(Extracted data entries)
•••••

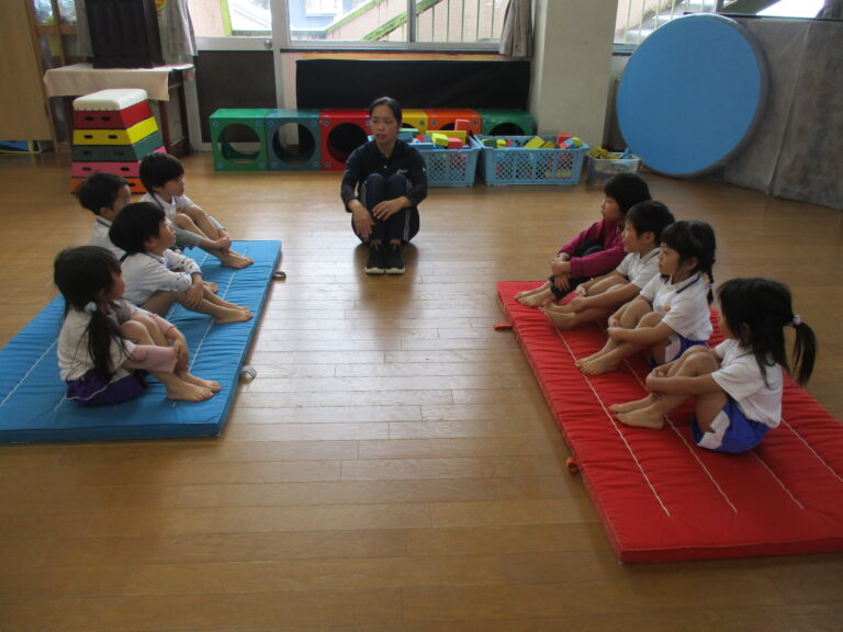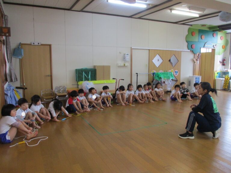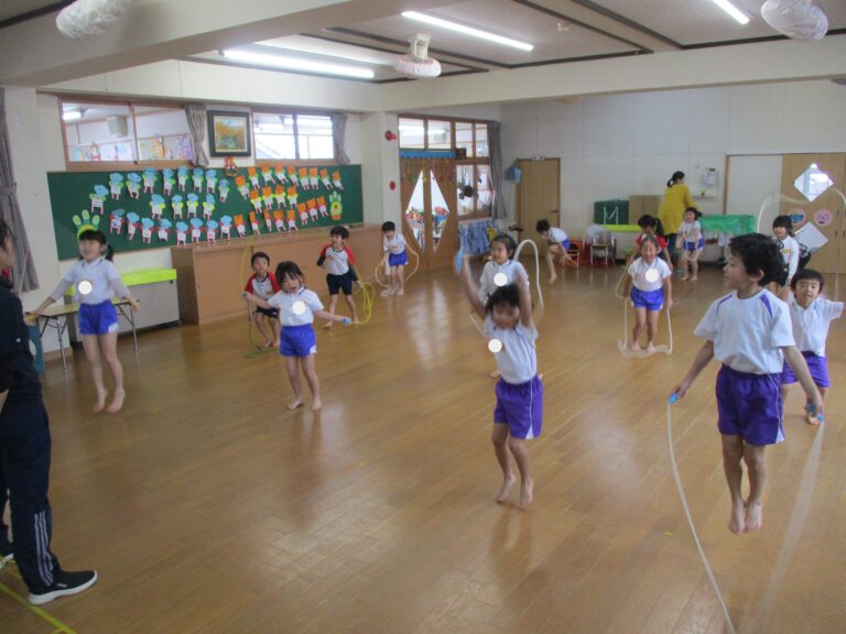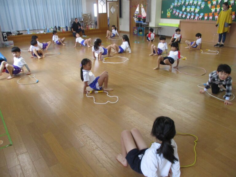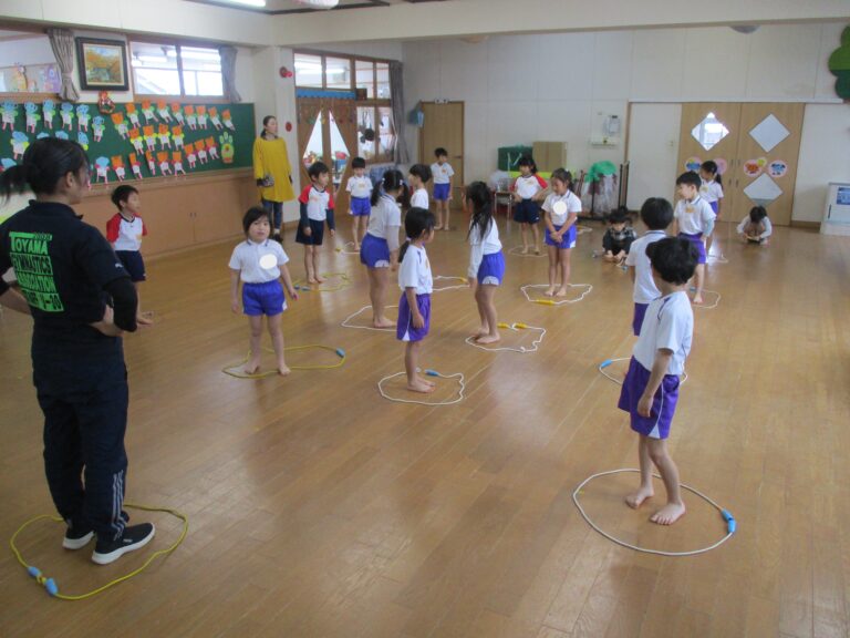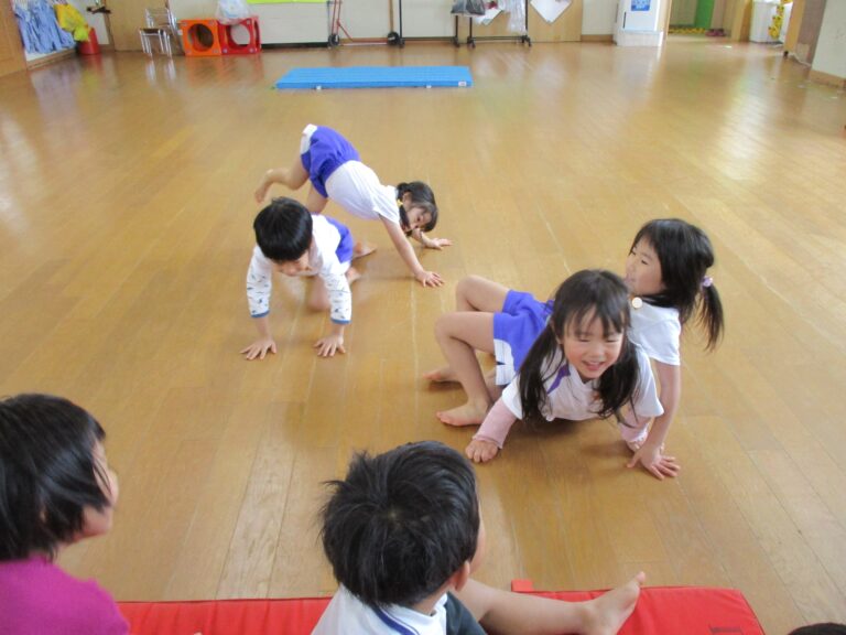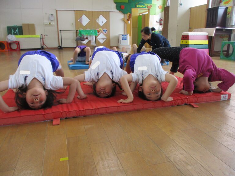 今日は体操教室でした。まずは年長さんからで、ブリッジをしたり縄跳びの縄や鉄棒を使って体を動かしました。
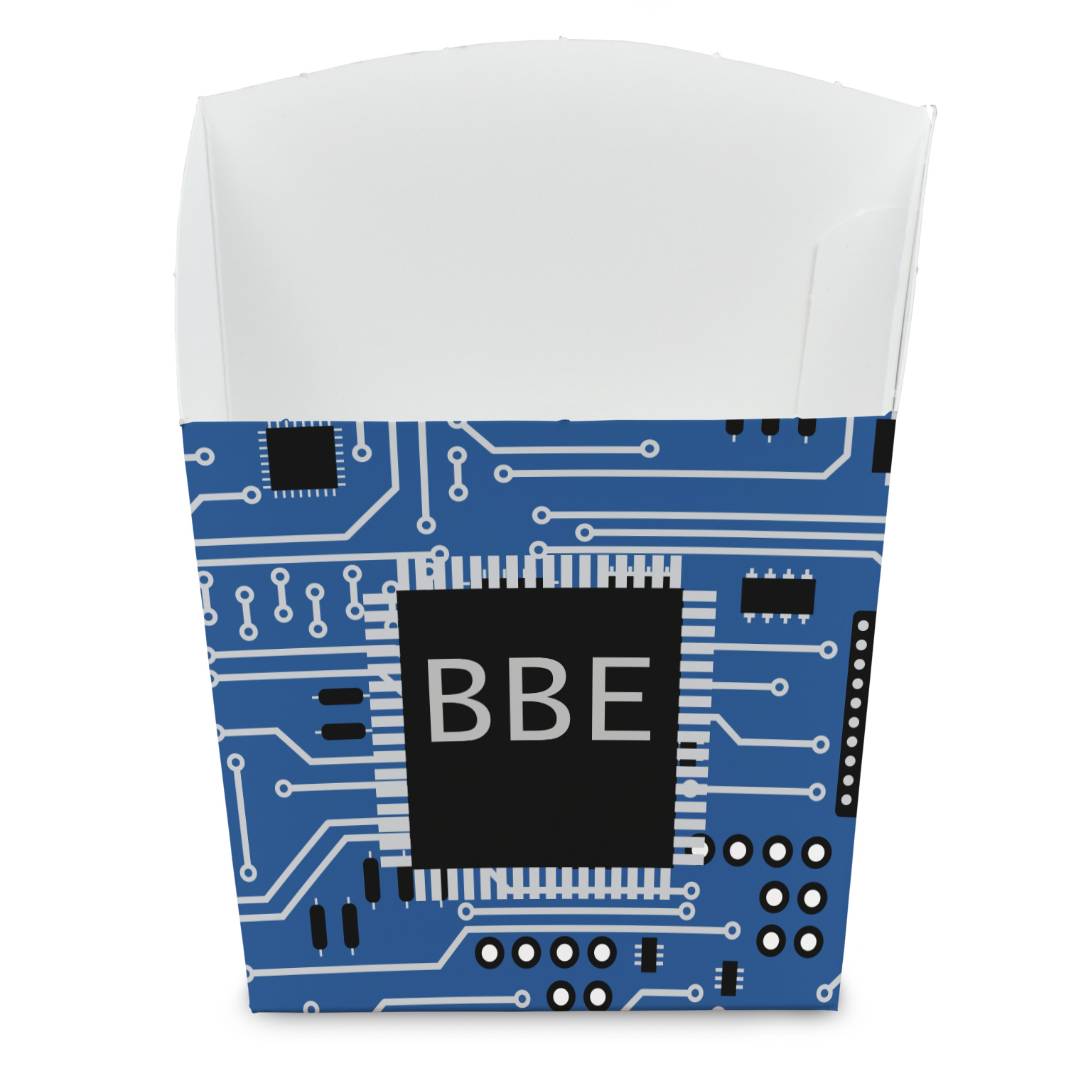 Since it is an open box, it works very well as a party snack cup (instead of plates) for different types of dry snacks and treats such as popcorn, cheezies, pretzels, chips, twizzlers, etc. This box can easily be carried with a drink all in one hand!
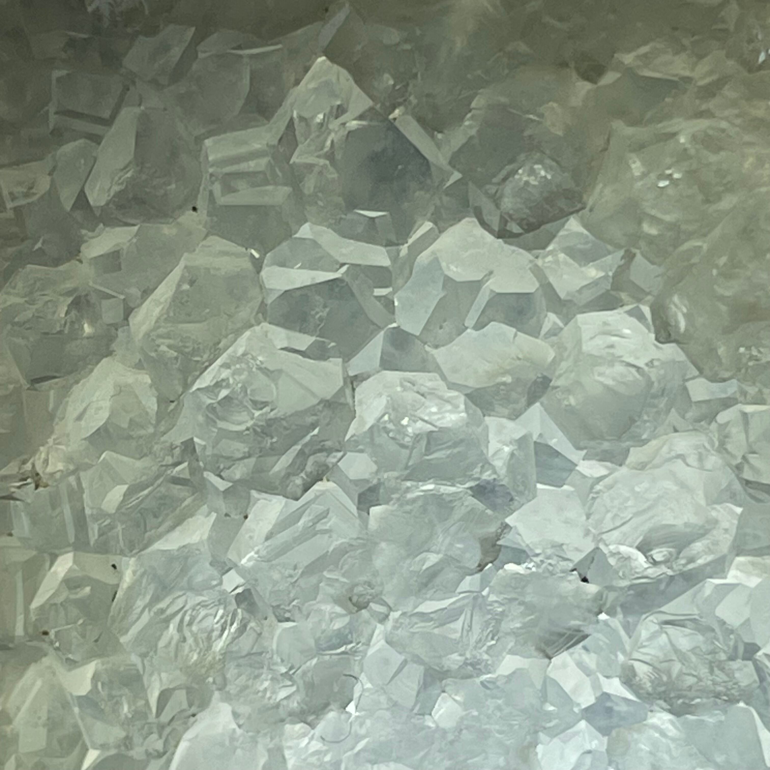 モスアゲートとジオード結晶のコントラストを生かして研磨をされていて、手で持つと両手分の大きさでずっしりとした重みがあります。
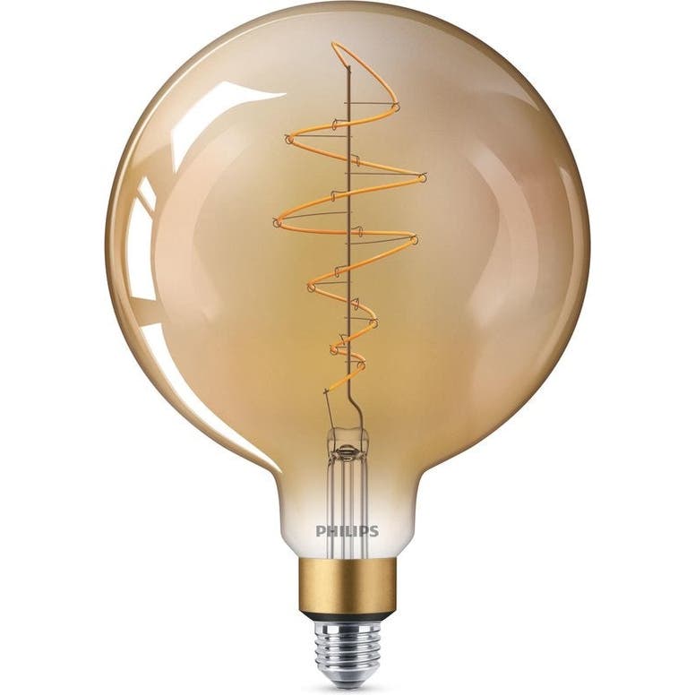 Met deze Philips LED filamentlamp zorg je voor extra sfeer in huis. Ze zorgen voor een stijlvol lichtelement en geven sfeervol warmwit licht. Deze lamp heeft een gouden coating en in de lamp zie je een dimbare lichtspiraal, wat doet denken aan gloeilampen van vroeger. Met EyeComfort, voor licht dat aangenaam is voor jouw ogen. De lamp heeft een E27-fitting, en past dus in de meeste lampen met grote fitting.Kies voor licht van hoge kwaliteit
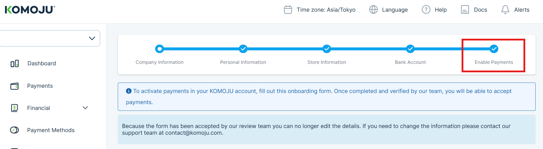 Step 1: Go to KOMOJU > Dashboard > Activate Payments
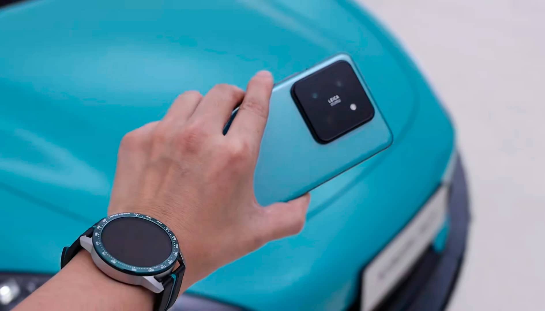 Наприкінці ролика засвітилися лімітовані Xiaomi 14 та Watch S3 у кольорі Aqua Blue. Пристрої представили разом із Xiaomi SU7.
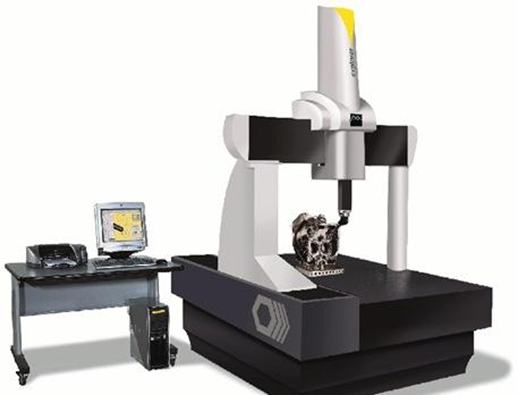 下图是一款桥式三坐标测量仪。工作时,将被测物体放在三坐标机的测量空间内,设计好扫描的路径。之后或通过移动探头获取被测物体上所需测量点的位置坐标,经测量机自带的软件处理,计算出其几何尺寸、形状和位置信息。
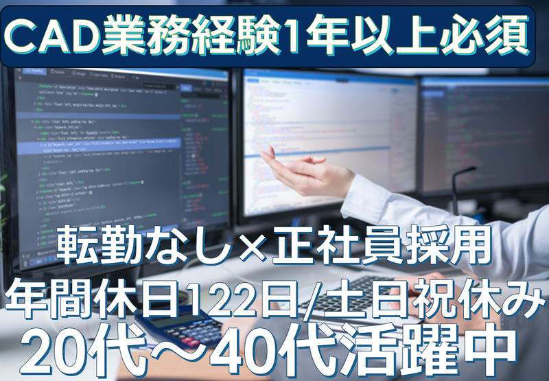 求めている人材 <必須条件> ・CADの使用経験が1年以上の方 <歓迎条件> ・2D、3DCADソフト経験のある方 ✨資格やスキルについては、充実した研修制度があるので着実にスキルアップできます。
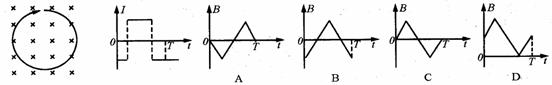 [例6]一个闭合线圈固定在垂直纸面的匀强磁场中,设磁场方向向里为磁感强度B的正方向,线圈中的箭头为电流I的正方向.线圈及线圈中感应电流I随时间变化的图线如图所示,则磁感强度B随时间变化的图线可能是图中的( )
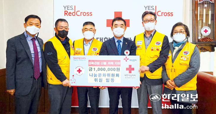 제주적십자사 나눔문화위원회(위원장 강창용)는 21일 대한적십자사제주특별자치도지사(회장 오홍식)를 방문해 경북·강원 산불피해 지원을 위해 사용해 달라며 성금 100만원을 전달했다.
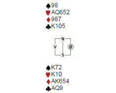 Jeg sitter i øst og spiller 3NT etter at syd i tredje hånd åpner 2 spar (svake 2, vid betydning i tredje hånd). Når makkeren min i vest nå melde 3hj satser jeg alt på det gode sparstenget mitt og lett gående kløveren, og legger kontrakta i 3NT. Syd finner beste utspill med ruter-3.
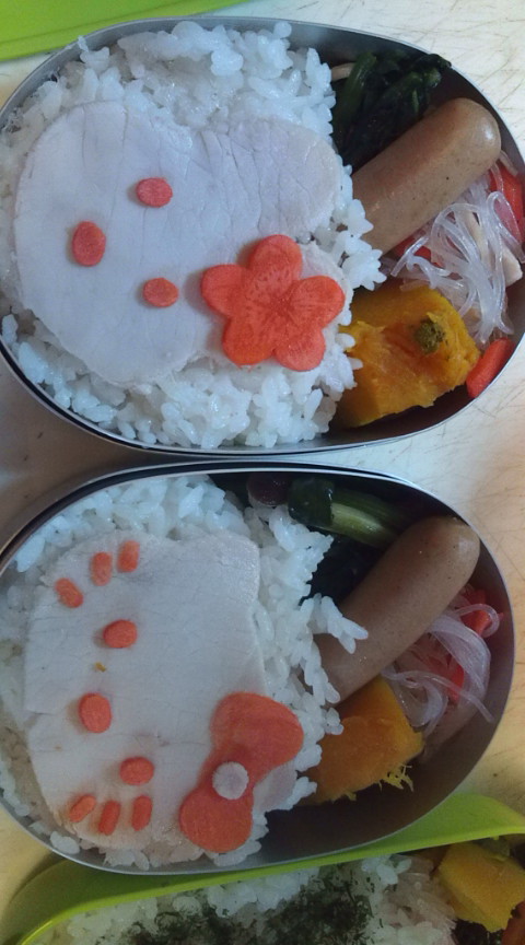 キティー弁当、ウサギ弁当完成!超簡単♪
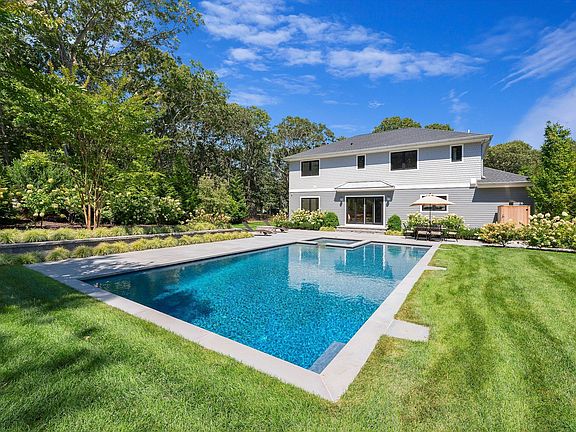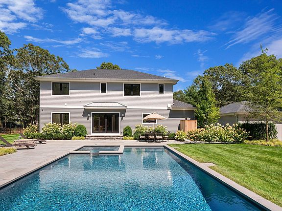 If you've been waiting for new inventory to hit the market, then here is your opportunity to buy a gorgeous 6 bedroom 5 1/2 bath Hamptons new construction set on .86 of an acre. Recently completed this 4,600 square foot home has everything you need including a wonderful finished basement with 2 legal bedrooms The custom kitchen has Quartz countertops, Thermador appliances that include a professional grade stove, refrigerator as well as a wine refrigerator and microwave. The large center island counterspace has lots of workable space for having those fun dinner parties or gatherings. The hardwood floors throughout are natural wide plank white oak and the open floor plan throughout the first floor allows for you to design the space with plenty of options. There is a 1st floor primary suite as well as a secondary junior primary suite on the 2nd floor. All bedrooms on the top 2 floors except for one are ensuite with imported Italian bath tiles and a laundry room on the 2nd floor as well as in the finished basement area which also includes a Sauna system made by Sunlighten. The house is setup for a surround system and already has a security system in place. Other features such as a beautiful gas fireplace that is set in a black Quartz fireplace wall that also includes an amazing smart TV, butler pantry with refrigerator that's separated by a sliding barn style glass door, custom closets, central vac, and free standing primary bath tub. The exterior boasts a stunning heated 20x40 Gunite pool that has a built in hot tub area, firepit, and plenty of entertaining space with 1,200 square feet of bluestone patio that's off the backside of the home. The large backyard is open a gets a ton of sunlight all day long because the front of the home faces slightly due Northeast so enjoying those mid to late summer sunny days will feel they will never end. The property also offers a free standing one car garage equipped with electric charging station, irrigation and an outdoor shower that will keep you in there for hours after the beach or a dip in the pool. Inventory is limited especially in this category so schedule your private showing today to see this stylish Hamptons new construction.
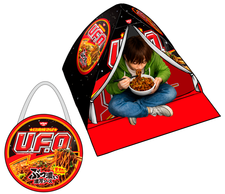 「U.F.O.」オリジナルデザインのポップアップテントです。入り口のファスナーを閉めると、"密閉空間" で「U.F.O.」の濃厚なソースの香りと風味に没入できます。「U.F.O.」のパッケージをイメージした収納バッグ付きです。(1~2人用)
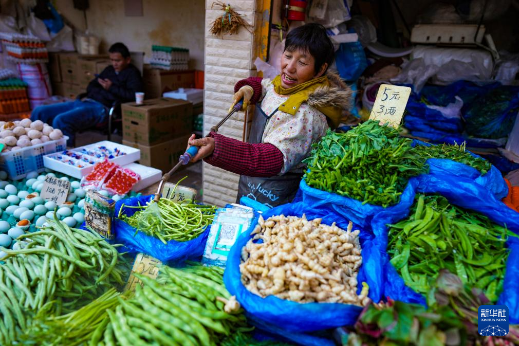 1月27日,在昆明大观篆新农贸市场,摊主在整理蔬菜。
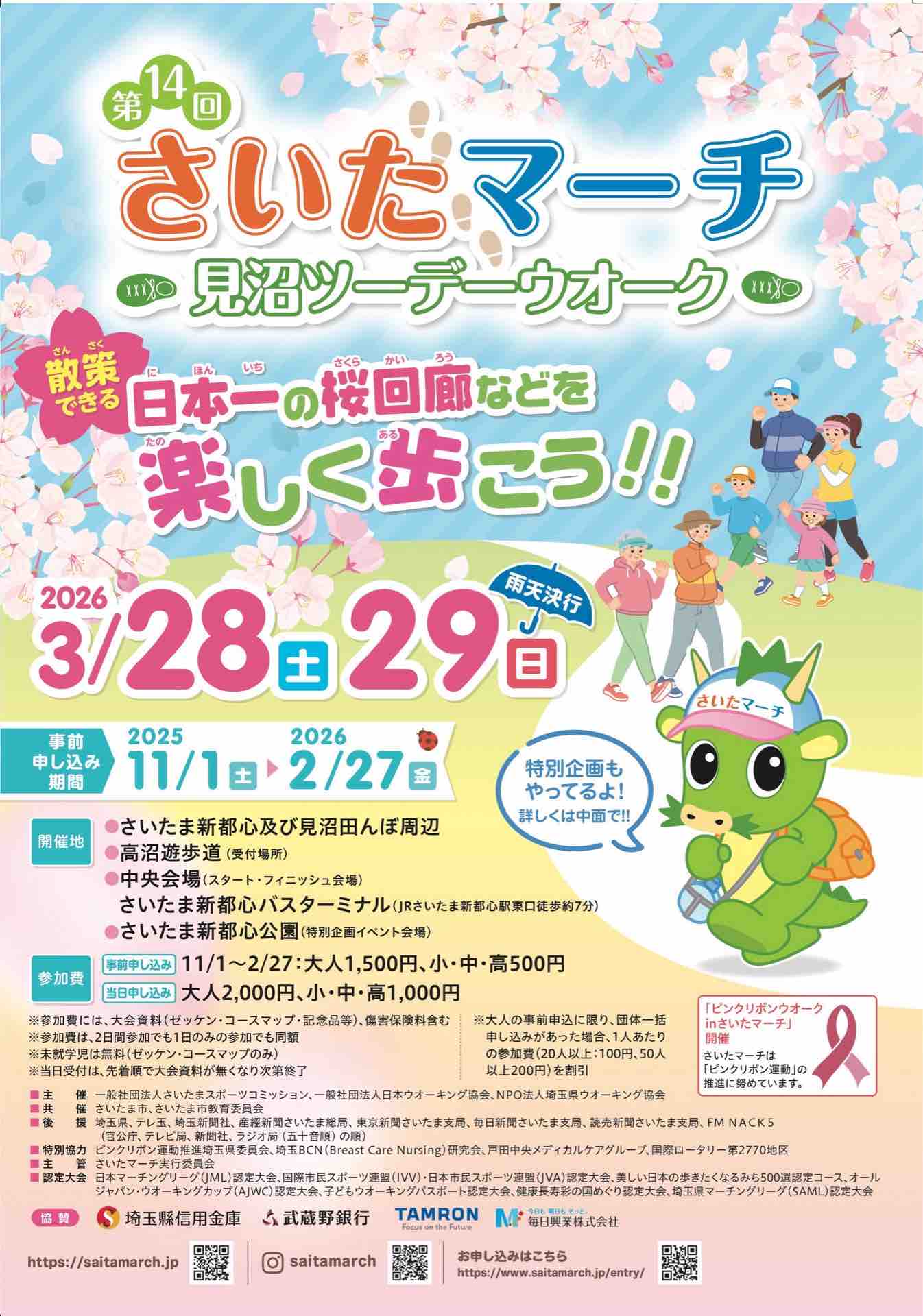 「さいたマーチ・見沼ツーデーウォーク」、ご関心のある方は添付のチラシや公式ホームページをご覧ください。
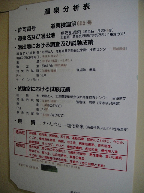 掲示されている平成17年3月の分析書によれば、こちらの温泉は源泉名「長万部温泉(長温R2号)」。
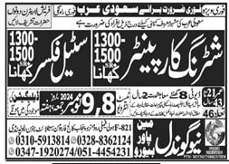New Gondal Manpower Bureau invites applications for job positions advertised in daily Mashriq dated 5 November 2024 for following vacancies in Riyadh, riyadh Saudi Arabia.

•••••

(TO DO) Copy exactly the lines of the entries above from the one containing "Наприкінці ролика засвітилися" through the one containing "キティー弁当、ウサギ弁当完成!超簡単♪". Both end lines count; pictures do not.

(SOLUTION BELOW)
 Наприкінці ролика засвітилися лімітовані Xiaomi 14 та Watch S3 у кольорі Aqua Blue. Пристрої представили разом із Xiaomi SU7.
 下图是一款桥式三坐标测量仪。工作时,将被测物体放在三坐标机的测量空间内,设计好扫描的路径。之后或通过移动探头获取被测物体上所需测量点的位置坐标,经测量机自带的软件处理,计算出其几何尺寸、形状和位置信息。
 求めている人材 <必須条件> ・CADの使用経験が1年以上の方 <歓迎条件> ・2D、3DCADソフト経験のある方 ✨資格やスキルについては、充実した研修制度があるので着実にスキルアップできます。
 [例6]一个闭合线圈固定在垂直纸面的匀强磁场中,设磁场方向向里为磁感强度B的正方向,线圈中的箭头为电流I的正方向.线圈及线圈中感应电流I随时间变化的图线如图所示,则磁感强度B随时间变化的图线可能是图中的( )
 제주적십자사 나눔문화위원회(위원장 강창용)는 21일 대한적십자사제주특별자치도지사(회장 오홍식)를 방문해 경북·강원 산불피해 지원을 위해 사용해 달라며 성금 100만원을 전달했다.
 Jeg sitter i øst og spiller 3NT etter at syd i tredje hånd åpner 2 spar (svake 2, vid betydning i tredje hånd). Når makkeren min i vest nå melde 3hj satser jeg alt på det gode sparstenget mitt og lett gående kløveren, og legger kontrakta i 3NT. Syd finner beste utspill med ruter-3.
 キティー弁当、ウサギ弁当完成!超簡単♪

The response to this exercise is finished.